Embora lentos, os passos do velho parecem avançar em incrível velocidade ao fim daquela escura estrada que agora falta bem pouco para se acabar. Cada passo parece fazer a escuridão se acentuar, é  como se automaticamente alguma fonte de iluminação  apagasse às costas do velho, que praticamente se arrastava rumo à total escuridão. Estranhamente bem distante e em direção oposta da qual caminhava aquele velho está surgindo uma imensa luminosidade, tão intensa quanto a esperança de muitos que a recebem com euforia.

Na trajetória, aquele velho pensa e revê tantas coisas. Certamente ele lembra que foram muitas as tristezas sim, mas tiveram muitas alegrias também, afinal a vida é assim desde sempre, uma eterna contradição. Ele revia e ouvia os choros pelas mortes e as alegrias pelos nascimentos. Revia as mesas com tanta fartura que beiravam a ostentação e que certamente levariam ao desperdício. E reviu também locais em que sequer havia mesas, só havia mãos e barrigas vazias e mentes desesperadas pensando e clamando por ao menos um pedaço de pão que fosse.

Ele revia e ouvia os risos cínicos de tantos que ilicitamente enriqueceram ou continuavam a enriquecer às custas de sacrifícios dos mais pobres.  Revia e ouvia risos de honestos trabalhadores em seus empregos e também muitos risos que viraram lágrimas de desespero, seja pela perda do posto de trabalho ou pela dificuldade em conseguir nova colocação, já que havia filas e mais filas com milhões e milhões de gente desempregada  há meses ou até anos.

Reviu e ouviu choros de emoção pela eventual vitória do time do coração de alguns se misturarem sarcasticamente aos choros de decepção dos derrotados que estavam do outro lado da moeda, neste caso do outro lado da torcida. Reviu e ouviu prantos que deixaram mais do que felizes as mães e os pais que recebiam uma nova vida se misturarem aos choros de dor e desespero de tantas famílias que perderam entes queridos, muitos dos quais em plena juventude ou até criança, tragados por violência de guerras, de acidentes ou da criminalidade generalizada.

E o velho deixar cair talvez sua última lágrima de emoção ao se lembrar de mais uma criança que se esquecia da fome ao menos no momento de brincar com seu esperto cãozinho de estimação que milagrosamente salvara-se da enchente de água e lama que mais uma vez destruiu praticamente toda a comunidade onde ele morava.  Agora, aquele menino poderia até "tirar onda" com o amiguinho que dizia ter o gato mais esperto do mundo, pois o bichano certa vez escapara ileso de um incêndio no conglomerado de casebres daquela vila de esquecidos.
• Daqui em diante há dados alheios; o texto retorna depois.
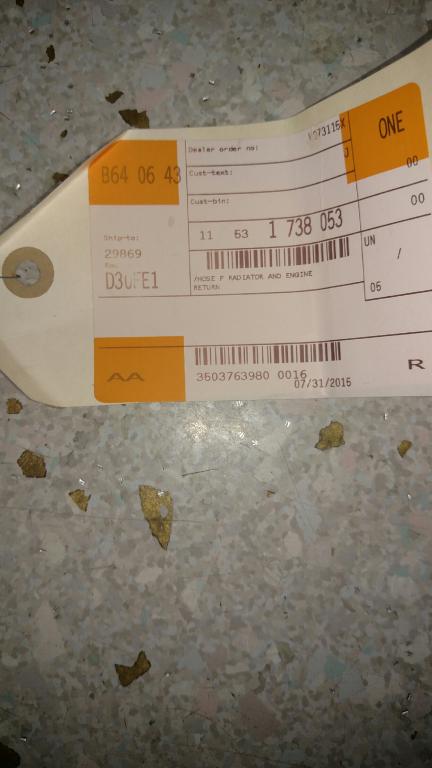 Ordered the wrong seal and didn't realize it until I pulled it out of the bag. This is literally brand new from the dealer. Part #51361888326 . The cheapest I've seen is $72 plus $10 in shipping, so $70 shipped obo it is, or I'll trade for black floor mats as long as they're in good condition Also have a 4 way coolant hose for an S50, part #11531738053 that is under the intake manifold. I think it fits m50 and m52/s52s also, but that for you to confirm. Brand new oem from dealership, never even test installed. I ended up moving my coolant reservoir to the passenger side, so I don't need this. I paid $63 so I'm asking $55 shipped obo.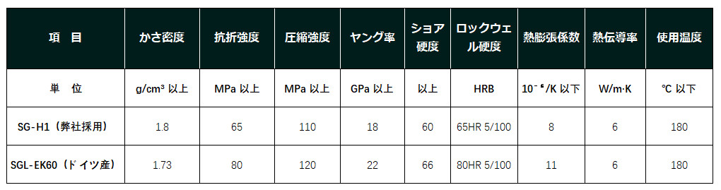弊社採用材 SG-H1 と、ドイツ産グレード SGL-EK60 について、密度・強度・硬度・熱特性など主要物性項目を比較した一覧表です。

Cabisbaixo com todo o peso dos últimos 364 dias, 23 horas e 55 minutos que vivera tão intensamente, o velho parece que está prestes a desabar e sabe que isso ocorrendo será pela derradeira vez. E isso o faz lembrar de uma coisa, lembrar de seu nome, que diziam ser Tempo  e de como ele ouvira tantas vezes ao longo de sua jornada, Tempo não pára e não volta, então o jeito mesmo é seguir. Porém não havia citação, ao menos que ele lembrasse, que dissesse que ele não podia ainda mais uma vez olhar para trás.

E ao longe era tanto barulho de fogos que ele teve, pela última vez, a sensibilidade de pensar nos coitados dos animais com aquela barulheira toda... Mas a luminosidade era tanta que lhe aguçou pela última vez a curiosidade e ele virou para olhar o horizonte de luz às suas costas que lhe ficava mais distante à cada segundo que passava, mesmo se o velho estivesse parado. 

Sim, muito longe nascia de novo o sol e nele podia se ver claramente um forte menino batizado de 2019, um ano novo certamente. E então, olhando sua sombra que sumia junto ao solo daqueles últimos segundos antes da total escuridão, o velho Tempo conheceu seu verdadeiro nome, 2018 e suas últimas palavras foram: "Bem vindo e adeus menino 2019, que você possa trazer para todos mais felicidade e menos tristezas do que eu fui capaz!  Que todos tenham FELIZ E PRÓSPERO ANO NOVO DE VERDADE!